О своей деятельности Лессепс выражается с тою прелестною скромностью, которая по большей части не отличает великих людей. Выдвигая товарищей и помощников, он о самом себе говорить лишь вскользь, как-то между прочим.

Проект был выработан, концессия добыта, однако не мало помех и препятствий предстояло еще одолеть для исполнения обширной задачи. Тяжелых хлопот стоило достать, хотя и в разные сроки, 17.000.000 фунтов стерлинг [152]Из них 8.418.000 уплачены Египетским правительством; ему никогда не возместилась эта затрата., потребных на производство работ в общей их сложности; одно время вследствие недостатка средств труд был приостановлен и исполинскому плану грозило надолго остаться мечтой. В течение многих лет приходилось бороться с просвещенным Английским правительством, которое из эгоистических расчетов всячески мешало осуществлению замысла, имевшего целью общечеловеческую пользу. Знаменитый мой чичероне с чувством глубокой благодарности упоминал об энергической поддержке, оказанной ему нашим константинопольским послом [153]Н. П. Игнатьев.. Но главные затруднения встретились в деле самого прорытия. Тяжка была борьба с природой. Пустыня стойко охраняла свои владения — палила рабочих зноем, изнуряла их голодом, мучила жаждой… Сначала одно снабжение людей пресною водой обходилось ежегодно в 3.000.000 франков; подвозом её было занято 1.600 верблюдов; другого средства сообщения не было. В последствии вода была проведена из Нила к Тимсе и отсюда к Суэцу.

— А мне все-таки жаль, что вы не съездили сегодня в Порт-Саид, говорил Лессепс, вздыхая за меня.

— Я напротив был в восторге. Положим я видел бы если не весь канал, то большую его часть, но тогда наша прогулка не состоялась бы, и сам Лессепс не служил бы мне путеводителем.

В беглом очерке он дал мне такое ясное понятие о дороге, проходимой каналом, что совесть туриста совершенно во мне успокоилась, и последняя тень угрызений исчезла; без сомнения, на пароходе я не услыхал бы всех этих драгоценных комментариев.

В северной части перешейка к Средиземному морю примыкает мелкое озеро Мензалэ, отделенное от моря низменною косой, местами не шире двухсот аршин. На этой-то росе, покрываемой в бурю волнами и пеной, было начато современное чудо света: вырыта гавань, далеко по мелководному взморью продолжен фарватер и поставлены с двух сторон каменные молы.

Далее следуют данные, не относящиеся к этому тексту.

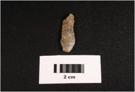 | Description / विवरण | Parallel sided microlith blade with use wear marks on cutting edges and prominent mid ridge on dorsal, prominent bulb on proximal end. |

Устройство Порт-Саида стоило больших жертв и усилий.

— Теперь же в награду за труды, как бы в скобках прибавил Лессепс, — мне нередко случается слышать от путешественников подобного рода комплимент: „Серendant vous avez eu de la chance d’avoir rencontre sur votre trace un port comme celui de Port Said“!

Канал имеет в длину 150 километров. Общее направление его — от севера к югу с едва заметным уклонением от запада к востоку.

Русло канала пролегает прежде всего чрез озеро Мензалэ (с краю вдоль восточного берега). [154]Вся та часть озера, которая находится по восточную сторону карала, засыпана и обращена в материк. На озере бывает пролетом множество всякой птицы; попадаются и живые карикатуры голенастых фламинго, не встречавшиеся мне в самой „Нубии“ (я видел их только в Джезирском птичнике.) Рыба водится в изобилии, и с арендуемых ловель правительство выручает 1.500.000 франков.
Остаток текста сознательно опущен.